Lost In America

Temporary Visas Allow Millions Of Visitors

One of the things Americans have learned in the last two weeks is that they don't know much about the people coming into this country. The terrorists who carried out the attacks on the world trade center and the pentagon didn't wade across the Rio Grande or crawl through a Canadian cornfield. They didn't have to. The United States government opened its front door and let them in. Steve Kroft reports.

At least 16 of the 19 hijackers entered the U.S. on temporary visas, as students, or workers or tourists. They vanished within our borders to plot and carry out their crimes. Some of them had their visas expire and became illegal aliens, but no one was looking for them. That is not unusual. Millions of foreigners have entered the county the same way. We don't know who they are, where they are, or what they are up to.
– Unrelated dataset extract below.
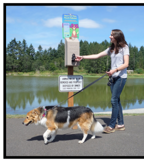
"Bag it and trash it" is the only safe way to dispose of your dog's waste.

Stream Team makes it easy to dispose of your dog's waste with two free giveaways: On-leash, pet-waste bag dispensers and Neighborhood pet waste pick-up stations.

Last year 30 million people came to the United States on temporary visas, which are in effect permission slips to enter the U.S. for a specified purpose, and a specified period of time. They are issued by the State Department at U.S. embassies and consulates

The director of the Center for Immigration Studies in Washington, Mark Krikorian, would like to make it harder to get such permission. He says the visa process typically involves a brief interview with the applicant, and a quick check to see if that person's name appears on a watch list of known criminals and suspected terrorists.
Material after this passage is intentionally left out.